*SOURCE MATERIAL*
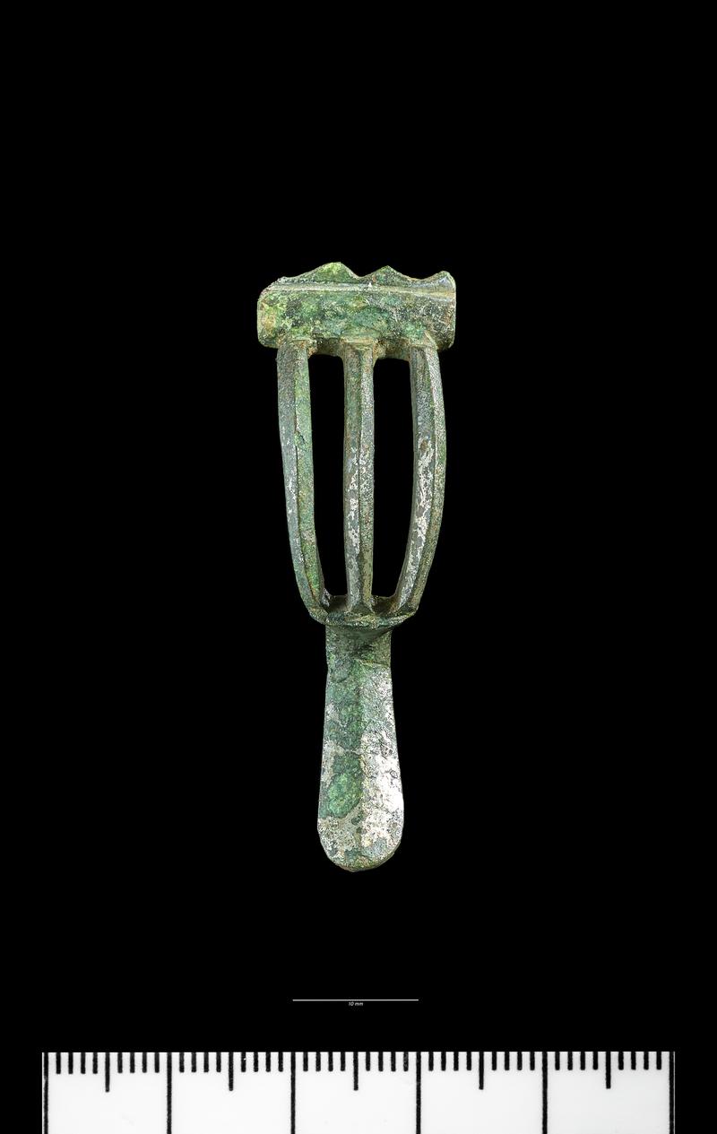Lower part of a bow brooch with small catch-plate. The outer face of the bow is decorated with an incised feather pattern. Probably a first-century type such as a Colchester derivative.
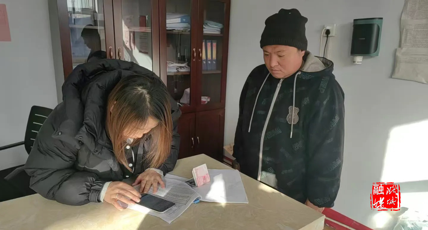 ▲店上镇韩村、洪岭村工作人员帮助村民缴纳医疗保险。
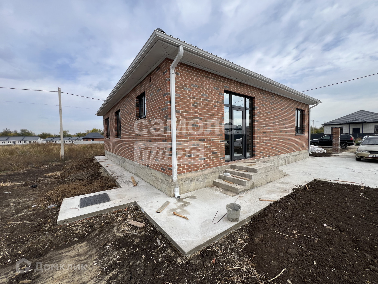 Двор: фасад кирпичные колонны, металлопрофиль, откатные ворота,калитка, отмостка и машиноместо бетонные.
...
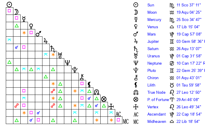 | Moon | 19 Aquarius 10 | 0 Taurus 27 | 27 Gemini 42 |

*PROBLEM TO WORK ON*
Once the line with "Lower part of" is found above, print it and every line after it through the line with "Двор: фасад ки", exactly. Pictures stay out.

*RESPONSE AREA*
Lower part of a bow brooch with small catch-plate. The outer face of the bow is decorated with an incised feather pattern. Probably a first-century type such as a Colchester derivative.
 ▲店上镇韩村、洪岭村工作人员帮助村民缴纳医疗保险。
 Двор: фасад кирпичные колонны, металлопрофиль, откатные ворота,калитка, отмостка и машиноместо бетонные.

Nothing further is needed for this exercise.